Part of the solution
And that's no coincidence.
"I think at one time [Don] thought about the players, first, foremost and solely. I think how he looks at them first, foremost, but not solely," says Toronto Blue Jays president Paul Beeston, who is a friend. "I think the reality of the situation is that Don wanted to be part of the solution."
There is a terrific book about the history of baseball's business called Lords of the Realm. In it, Fehr said the 1981 strike "left a foul taste with me. It permanently clouded the way I viewed people and their motives. It left significant scars that were still there five years later."
Beeston says that's no longer the case.
"We sat down and said, 'Let's not let this happen again. Let's learn from our mistakes...we can be adversaries, but we don't have to be enemies.' And that I think was the key. It went from an enemy relationship to an adversary relationship."
"Nobody trusted anybody," Glavine said. "It didn't matter what came out of anybody's mouth, nobody believed what the other side was saying. And it took awhile to get over that level of distrust."
"We got the point where we realized maybe they are telling the truth here a little bit. Maybe we need to dig deeper and find out what both sides are talking about. Maybe we can find some common ground and get away from this notion that, well, you're lying and you think we're lying and we're just going to butt heads and whoever stands tall the longest is going to be the one that wins, because I think when that happens I don't think it's fair to say that anybody wins because the game suffers a lot."
Familiar ring
Boy, does that sound familiar.
The next negotiation is going to be high-revenue owners vs. low-revenue owners as much as it will be owners vs. players. You can expect Fehr will make that a focal point of his plan. He is a big believer in revenue sharing, and played a major role in making that a significant part of baseball's CBA.
"At the end of the day, he's fair," Glavine. "You can work with him, you can deal with him, but if you're going in with the mindset that you can pull one over on the players, you're in for a long fight."
That's why, if things go badly, Fehr will not be afraid to point out that the NHL already shut down one season to fix the system, so how many tries does it need?
Hopefully, however, it won't come to that.
"What the hockey fans should know is that they're dealing with someone who realizes the importance of the job and, the job is to get a deal done," Beeston said. "At the same time [his job is] to protect the players, but more importantly to grow the game of hockey.
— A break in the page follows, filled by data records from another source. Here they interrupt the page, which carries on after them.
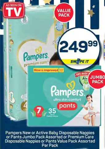 Pampers New or Active Baby Disposable Nappies or Pants Jumbo Pack or Premium Care Disposable Nappies or Pants Value Pack Discount at Pick n Pay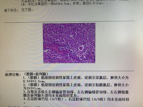 12月7日,在麻醉科严密监测下,范其兵团队为患者实施了腹腔镜下全膀胱切除术、输尿管皮肤造口术,以及盆腔淋巴结标准清扫,手术顺利,术后患者恢复良好。病理提示膀胱低级别浸润性尿路上皮癌,浸润至深肌层,盆腔淋巴结16枚未见癌转移,患者顺利出院。
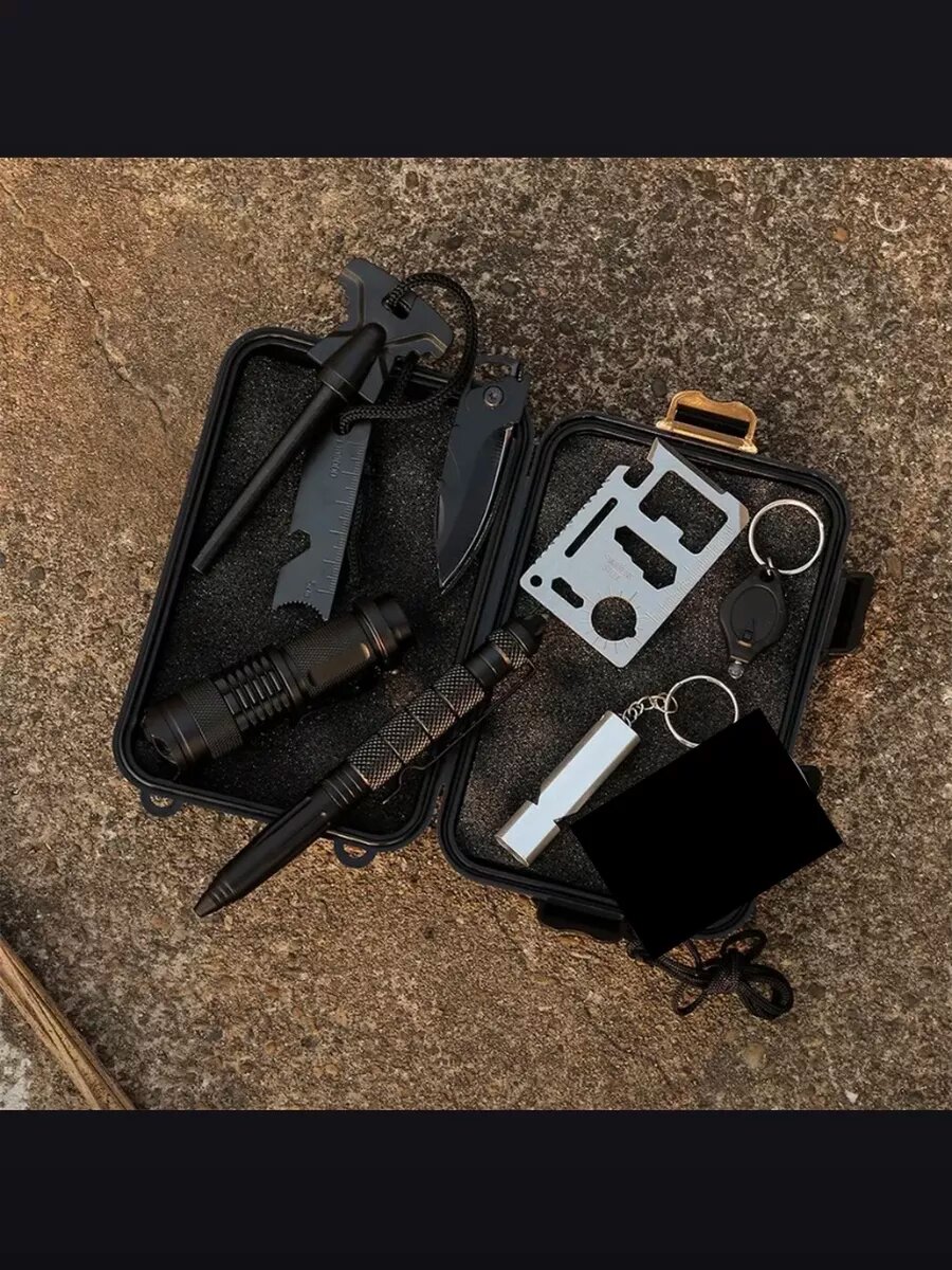 Многофункциональный набор для кемпинга - это комплект инструментов для выживания, каждый из которых может оказаться жизненно-важным в дали от цивилизации. Многофункциональный набор для кемпинга выполнен из прочнейшей стали и прослужит владельцу долгие года, он может стать отличным подарком для любителей походов, путешествий и экстремальных видов спорта. Комплектация: мультикарта, многофункциональный складной нож, фонарик с двойным режимом запуска, огниво, портативный фонарик-брелок, аварийная ручка из вольфрамовой стали, высокочастотный двойной свисток, ящик для хранения.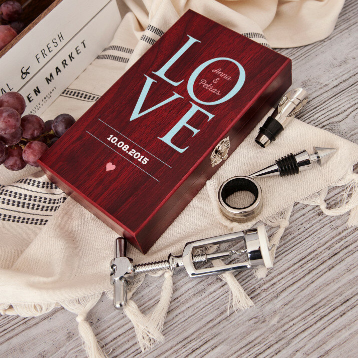 Šį rinkinį pamils kiekvienas vyno mėgėjas! Tokia dovana puikiai tiks jubiliejui, vestuvėms ir daugeliui kitų progų. Vakarai su mėgstamu vynu bus dar malonesni!VYKDYMAS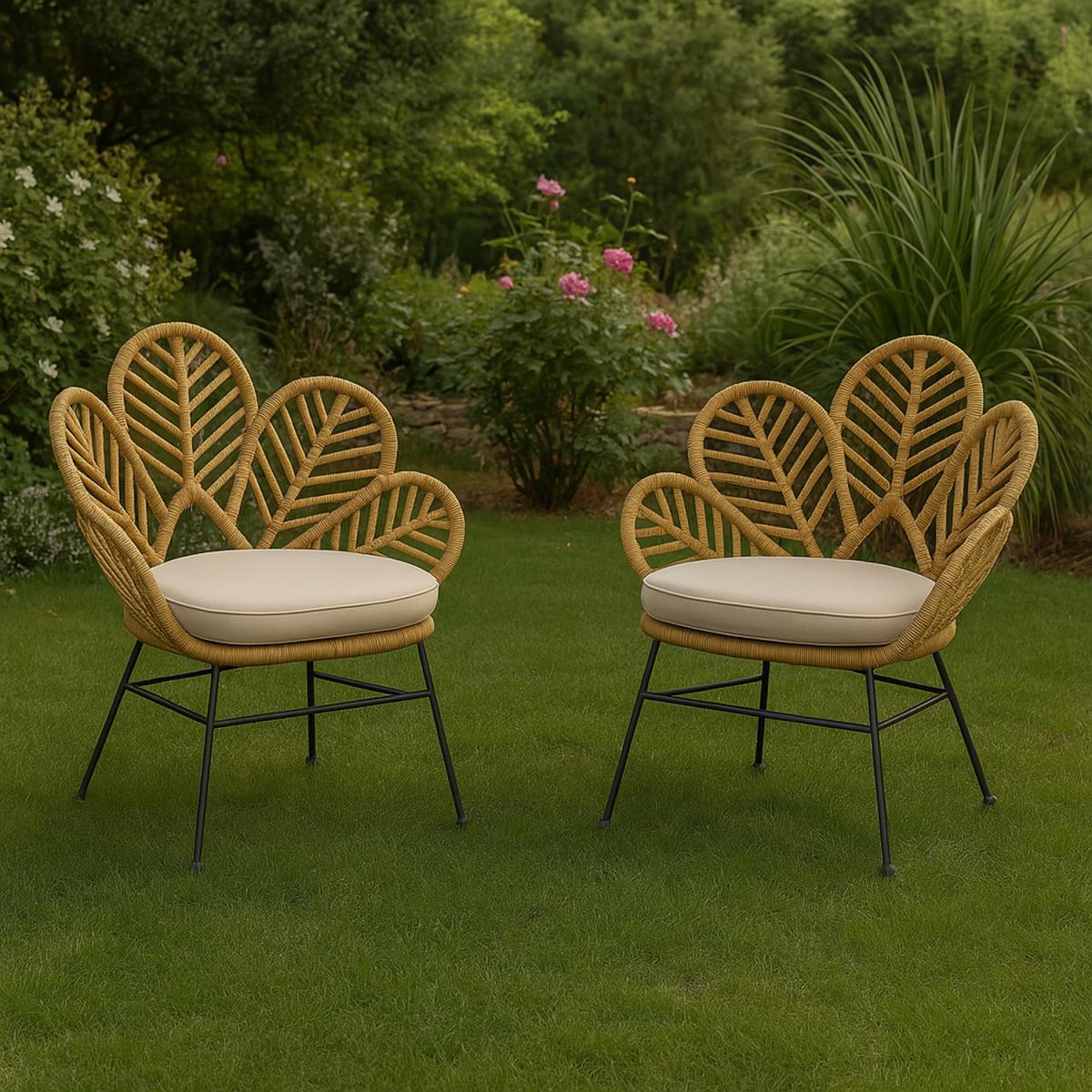 Floral Rattan Chair Add a touch of tropical charm to your home or garden with this Floral Rattan Chair. The eye-catching leaf-shaped backrest and natural rattan-effect frame bring style and elegance to any space. With sturdy black metal legs and a soft cream cushion, it's perfect for both indoor and outdoor use. Whether you're relaxing in the sun or entertaining indoors, this chair offers comfort and standout design. It's also easy to maintain, making it a practical addition to your home or patio.

One thing that Don does understand...the more money that is generated by the game, the more money there is for the players."
Glavine agrees: "He understands that without a league there aren't any players."
The final word goes to the biggest optimist in the room, Beeston, talking about Fehr and Gary Bettman.
"Their job is to get a deal done. The two of them. Their job is to get a deal done, not to end hockey. That's the same thing I think that Don and commissioner [Bud] Selig decided they were going to have to do after Armageddon almost in 1994."
Most of the time, Beeston is the smartest guy in the room. Let's hope that, once again, he is.